In the entries below, begin at the line that has "午前中は、バレーボール部とバスケットボール部が練習をしていました。" and stop after the line that has "연봉자, 실수령액은 月 650만원"; output those lines exactly, leaving out pictures.

• [DATA]
BEGIN

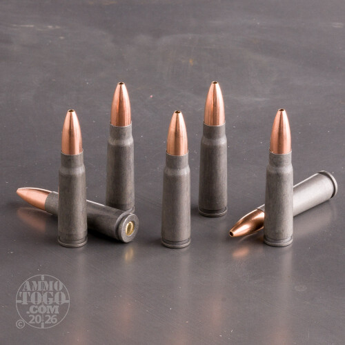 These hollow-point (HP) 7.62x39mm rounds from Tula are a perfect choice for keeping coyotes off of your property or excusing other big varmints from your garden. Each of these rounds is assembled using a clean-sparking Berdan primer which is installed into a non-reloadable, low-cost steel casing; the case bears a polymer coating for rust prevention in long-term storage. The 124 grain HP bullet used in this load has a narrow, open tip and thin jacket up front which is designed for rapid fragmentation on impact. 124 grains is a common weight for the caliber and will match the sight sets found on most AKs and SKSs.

END
BEGIN

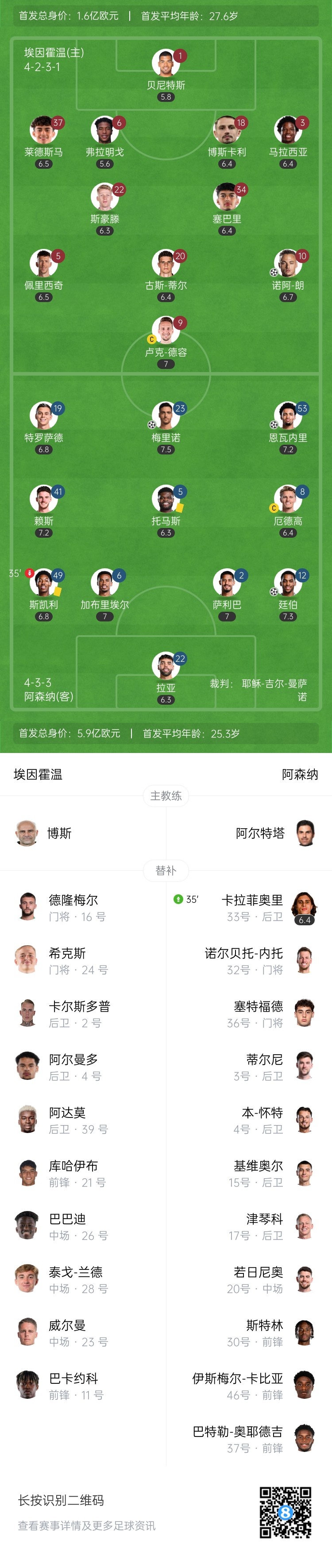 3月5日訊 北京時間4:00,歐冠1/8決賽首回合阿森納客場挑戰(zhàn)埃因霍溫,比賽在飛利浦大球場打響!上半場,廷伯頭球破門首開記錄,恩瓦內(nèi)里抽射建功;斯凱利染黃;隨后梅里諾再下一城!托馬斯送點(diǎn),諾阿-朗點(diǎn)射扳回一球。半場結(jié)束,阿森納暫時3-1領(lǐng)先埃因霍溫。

END
BEGIN

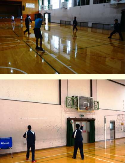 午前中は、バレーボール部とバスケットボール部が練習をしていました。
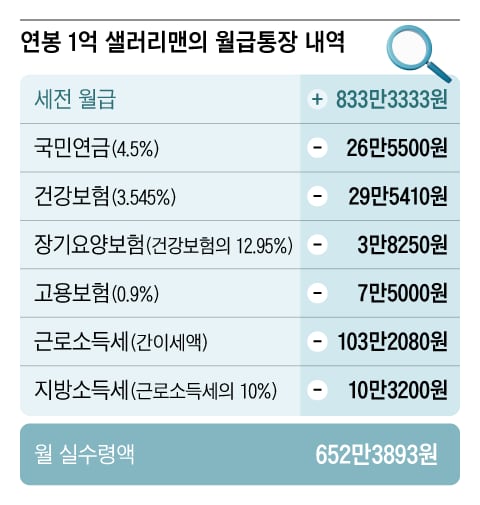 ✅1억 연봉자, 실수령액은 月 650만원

END

• [RESPONSE TO THE TASK]
 午前中は、バレーボール部とバスケットボール部が練習をしていました。
 ✅1억 연봉자, 실수령액은 月 650만원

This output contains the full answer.